2. The algorithm used in the Scheme solution is O(n) anyway, so it doesn’t matter all that much in terms of performance.
3. This way we can show off an alternative method, which is more fun than just implementing the provided algorithm in another language.

Instead of the triple reversing approach, we use a more straightforward method: what we effectively do when rotating a list is splitting it into a left and a right part and exchanging their places. So let’s just do that, making sure to keep the splitting point within the bounds of the list:

rotate :: Int -> [a] -> [a]
rotate _ [] = []
rotate n xs = b ++ a where (a,b) = splitAt (mod n $ length xs) xs

To see if it works, we test all the possible corner cases mentioned in the assignment, including the empty list, which the provided solution fails on (which is another reminder of why you should always consider all possible edge cases). To be honest, so did mine until I wrote ‘all possible edge cases’ and figured I’d better check if that was actually the case 🙂

main :: IO ()
main = do print $ rotate 1 [] == ([] :: [Int])
          print $ rotate 3 [1..3] == [1..3]
          print $ rotate 3 [1..3] == [1..3]
          print $ rotate 2 [1..6] == [3,4,5,6,1,2]
          print $ rotate 8 [1..6] == rotate 2 [1..6]
          print $ rotate (-2) (rotate 2 [1..6]) == [1..6]
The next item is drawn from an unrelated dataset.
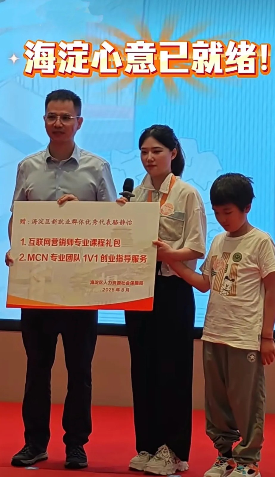 骆静怡的自强精神引起了社会各界的关注。今年8月,在海淀区“海淀暖新·十一伴行”活动启动仪式上,她分享了自己带儿子来京求医,从摆地摊、送外卖到转型做自媒体的经历。

Programming Praxis – Zeller’s Congruence

October 8, 2010

In today’s Programming Praxis exercise, our goal is to implement a function created by Christian Zeller to determine the day of the week for a given date. Let’s get started.
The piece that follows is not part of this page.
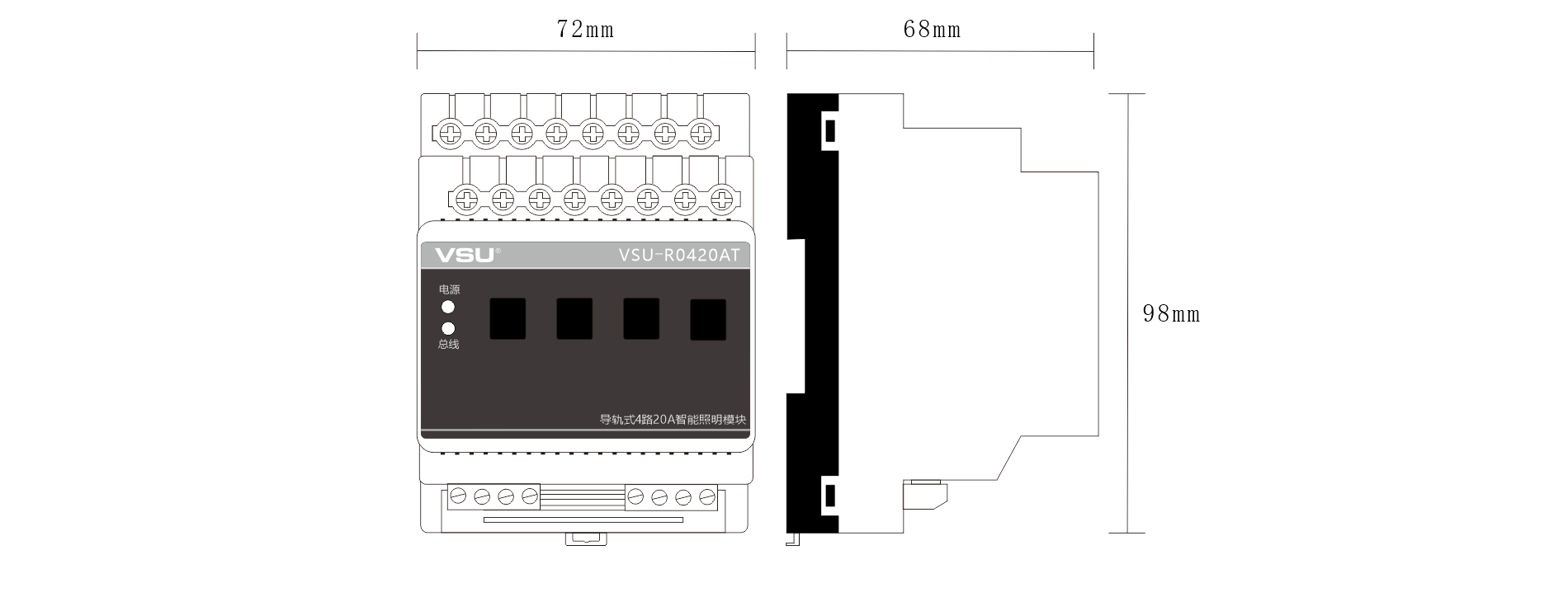 1,標(biāo)準(zhǔn)導(dǎo)軌式安裝占4個(gè)模數(shù)位;

First, we need to import an existing date library to test Zeller’s algorithm against.

import Data.Time.Calendar
import Data.Time.Calendar.WeekDate

Next, a quick data type for the days of week.

data Weekday = Su | Mo | Tu | We | Th | Fr | Sa deriving (Enum, Eq, Show)

The algorithm itself is virtually identical to the Scheme implementation.

zeller :: Int -> Int -> Int -> Weekday
zeller year month day = toEnum $ mod (day + div (13 * m - 1) 5 +
                        d + div d 4 + div c 4 - 2 * c) 7 where
    y = if month < 3 then year - 1 else year
    m = if month < 3 then month + 10 else month - 2
    (c, d) = divMod y 100

To test if the algorithm works correctly, we write a convenience function to test if a given date is correct.

test :: Day -> Bool
test date = zeller (fromEnum y) m d == toEnum (mod w 7) where
    (y, m, d) = toGregorian date
    (_, _, w) = toWeekDate date

Like the given solution, we test whether today is indeed Friday and whether it produces the correct results for a thousand years starting from January 1st, 1753.

main :: IO ()
main = do print $ zeller 2010 10 8 == Fr
          print $ all test [fromGregorian 1753 1 1..fromGregorian 2753 1 1]

Indeed it does. Looks like Zeller’s algorithm works correctly.

Programming Praxis – Oban Numbers

October 1, 2010

In today’s Programming Praxis exercise, our task is to print a list of all Oban numbers (numbers that don’t have an o if you write them in words). Let’s get started, shall we?

Since any number higher than 999 will have either the word “thousand” or one of the -illions in it, we only have to implement spelling numbers less than a thousand. Spelling the numbers is a simple recursive algorithm. After spelling, we just take the ones that don’t have an o.

obans :: [Int]
obans = filter (notElem 'o' . spell) [1..999] where
    spell n | n <  20 = ones !! n
            | n < 100 = tens !! div n 10 ++ spell (mod n 10)
            | True    = spell (div n 100) ++ "hundred" ++ spell (mod n 100)
    ones = "" : words "one two three four five six seven eight \
                      \nine ten eleven twelve thirteen fourteen \
                      \fifteen sixteen seventeen eighteen nineteen"
    tens = "" : "" : words "twenty thirty forty fifty sixty \
                           \seventy eighty ninety"

Printing the numbers is trivial.

main :: IO ()
main = mapM_ print obans

If we instead say print $ length obans we see that there are indeed 454 Oban numbers, as there should be.